Salmon Run vs Red Earth
Where Salmon Run belongs to Benjamin Moore's range, Red Earth is a Farrow & Ball color. Both sit in the pink-red family, which is useful context if you're narrowing within a single hue direction. Salmon Run (LRV 40) reflects noticeably more light than Red Earth (LRV 28), a difference of 12 points that becomes especially apparent in rooms with limited natural light. Salmon Run runs red while Red Earth is decidedly warm, which means they'll respond very differently to warm vs cool light sources. With a ΔE of 14.2, the contrast is hard to miss. These aren't variations on a theme — they're two different answers to the same question. Below you'll find 1 real-room photo comparison where both colors appear side by side, plus 5 simulated room previews.

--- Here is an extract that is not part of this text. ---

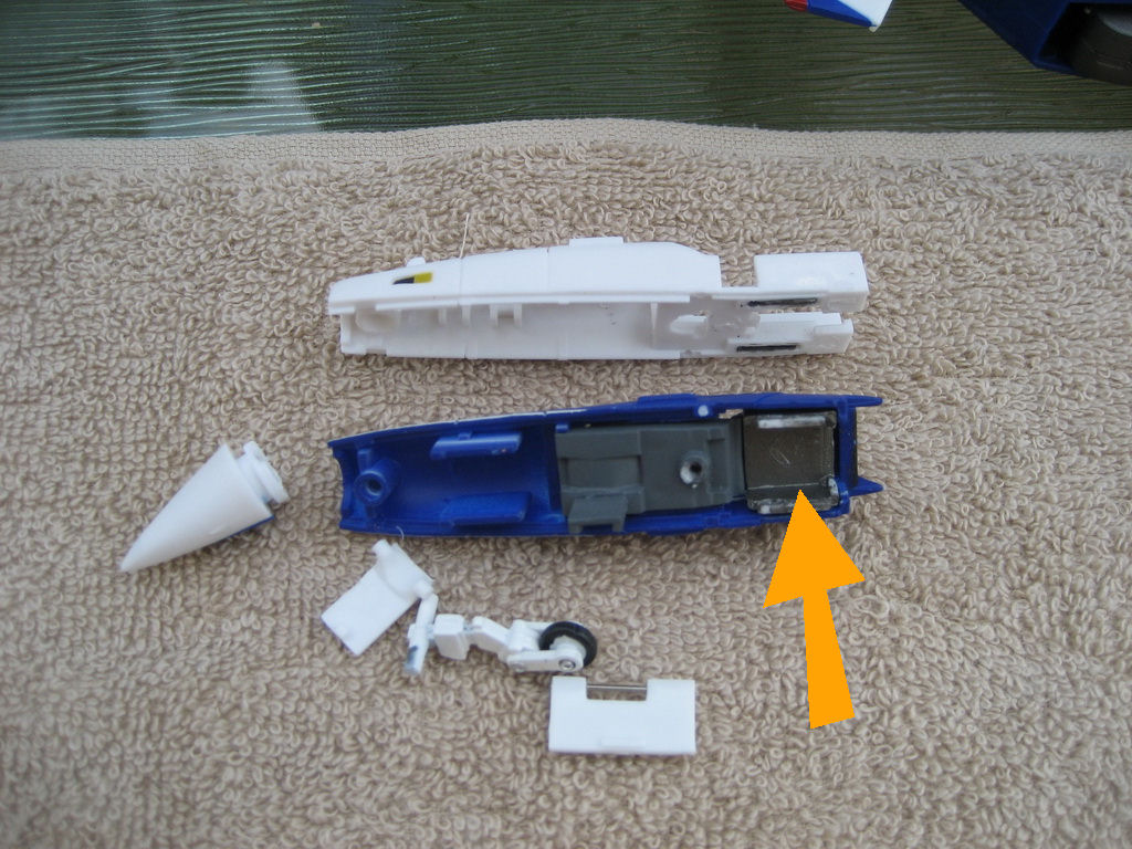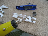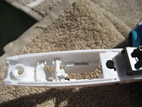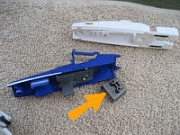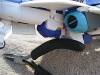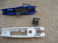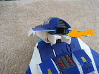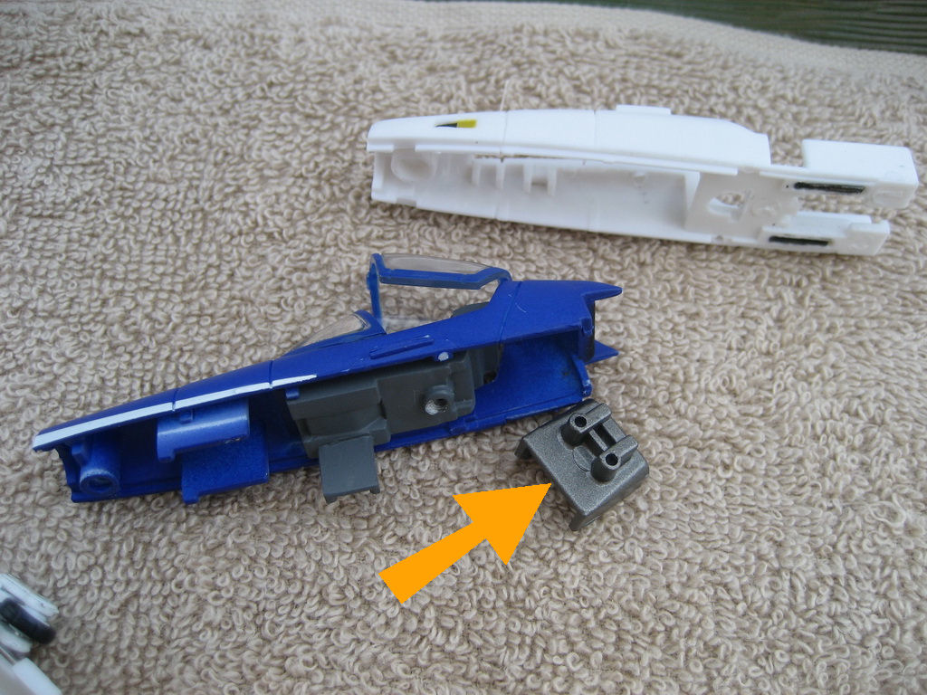 - N'ayant jamais constaté ce problème sur les alpha Fighter de Toynami, j'ai ouvert le dernier modèle de la gamme, le Shadow Fighter VFA-6X et on voit clairement que non seulement le bloc est bien plaqué sur la partie inférieur du cockpit mais qu'en plus il a subit une modification, un rabotage qui limite le frottement du blocage de la verrière en position ouverte et du même coup réduit la pression appliquée sur le bloc gris et par conséquence sur la partie inférieur du cockpit. On verra plus loin que ce n'est pas vraiment nécessaire. a noter que cette modif n'est pas présente sur les autres modèles (VFA-6H, Z, et I).

Salmon Run vs Red Earth in Real Spaces
1 real room side by side. Seeing Salmon Run and Red Earth in actual rooms makes the difference concrete; browse the spaces below to get a feel for how each color lives on a wall.
Living Room
In a living room, color works across both daylight and evening light — the same wall can read very differently at noon and at 8pm. The LRV gap is large enough that Salmon Run will make the room feel meaningfully brighter than Red Earth would.
Color Details
Salmon Run vs Red Earth Simulated Comparison
5 simulated room previews — drag the slider on each to see Salmon Run on one side and Red Earth on the other.
Digital color is approximate. These simulations are generated from the manufacturer's hex values and overlaid on grayscale room photos — your screen's calibration, brightness, and viewing angle all affect how they render. Before committing to either color, test physical samples in your own space under the light you actually live with.
More Salmon Run comparisons
See how Salmon Run stacks up against other well-photographed colors across different brands and tones.